**Task directions**
Exclude the pictures and reproduce the remaining data exactly as written.

### Data segment

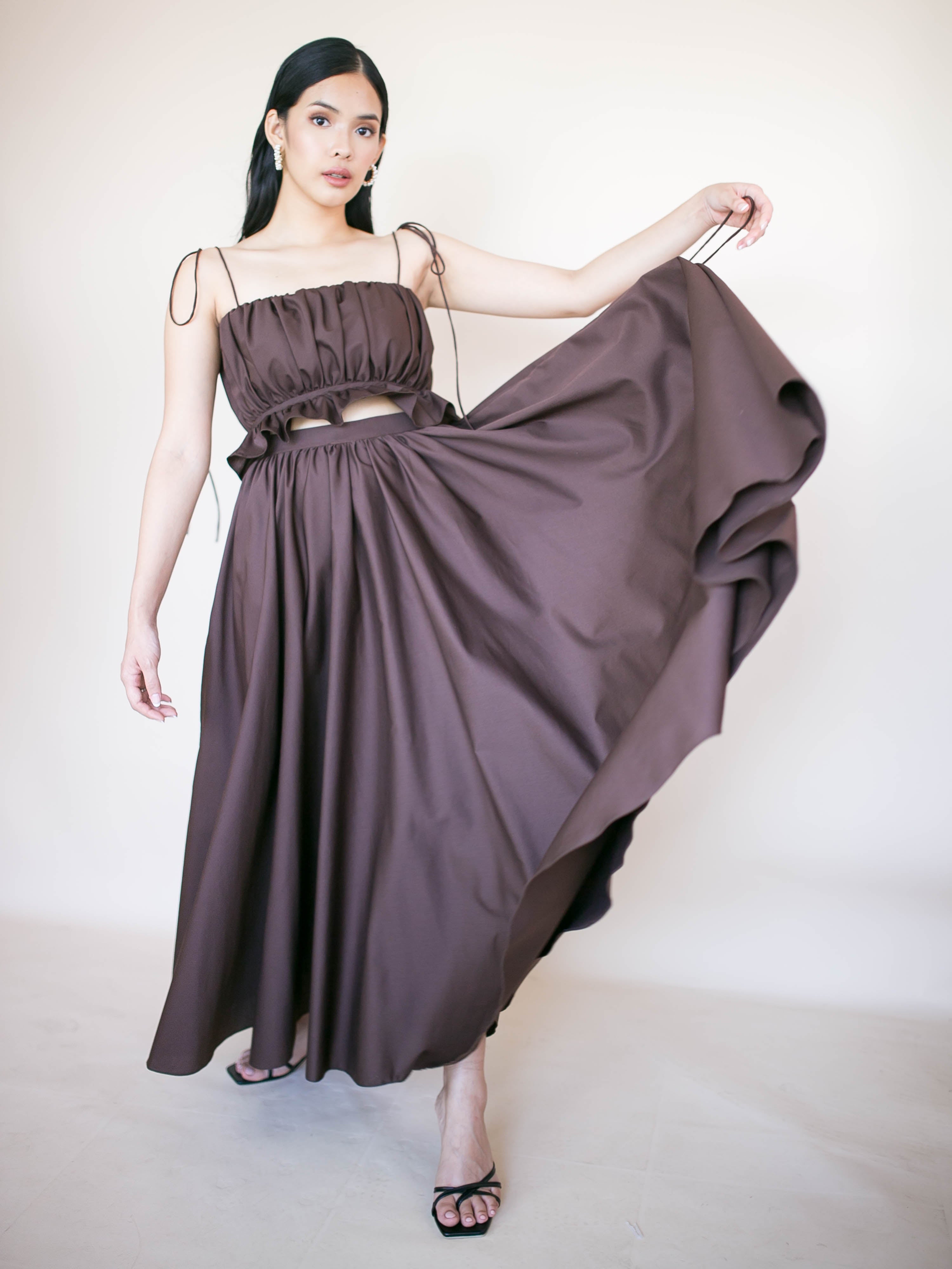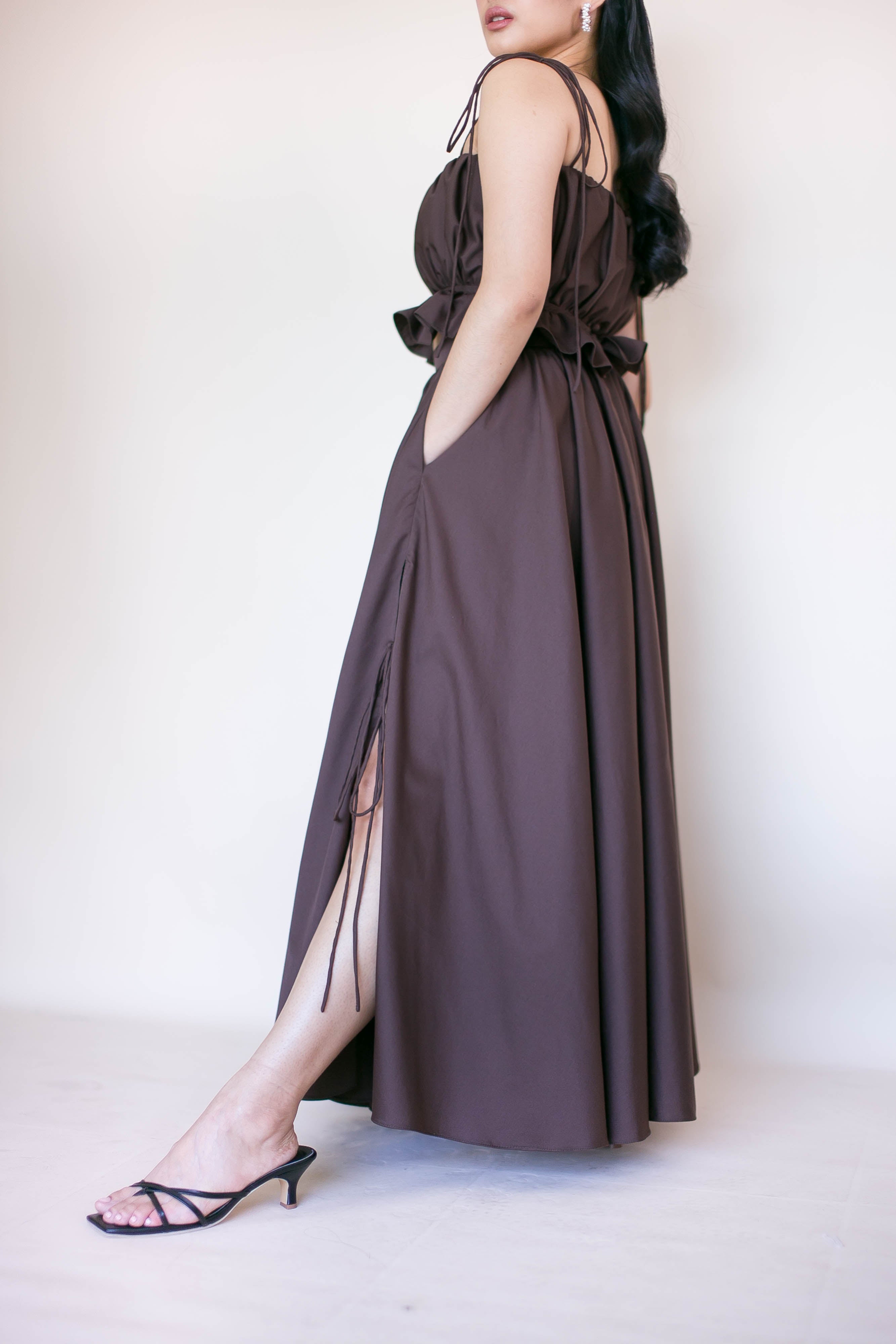 Just a simple and elegant biased midi skirt with side slit and ribbon details that you can use everyday or on special occasions. Made with cotton material and invisible zipper closure.
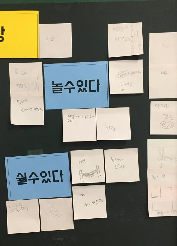 지난주, 우리가 만든 열 가지 요소(쉴 수 있다, 놀 수 있다, 이야기하다, 숨을 수 있다...)를 가지고 바꿔볼 만한 학교 공간을 조별로 하나씩 선정했습니다. 크게 세 장소가 나왔습니다.
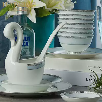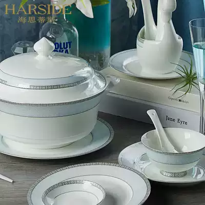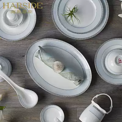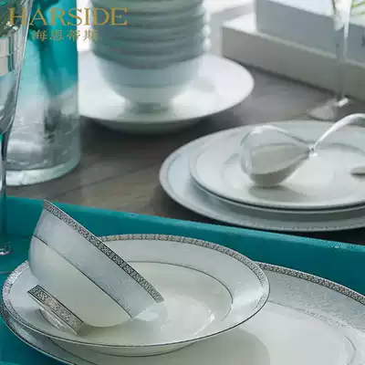 HARSIDE Chinese Bone China tableware set 56 household simple dishes set dishes chopsticks ceramics

######

**Result**
 Just a simple and elegant biased midi skirt with side slit and ribbon details that you can use everyday or on special occasions. Made with cotton material and invisible zipper closure.
 지난주, 우리가 만든 열 가지 요소(쉴 수 있다, 놀 수 있다, 이야기하다, 숨을 수 있다...)를 가지고 바꿔볼 만한 학교 공간을 조별로 하나씩 선정했습니다. 크게 세 장소가 나왔습니다.
 HARSIDE Chinese Bone China tableware set 56 household simple dishes set dishes chopsticks ceramics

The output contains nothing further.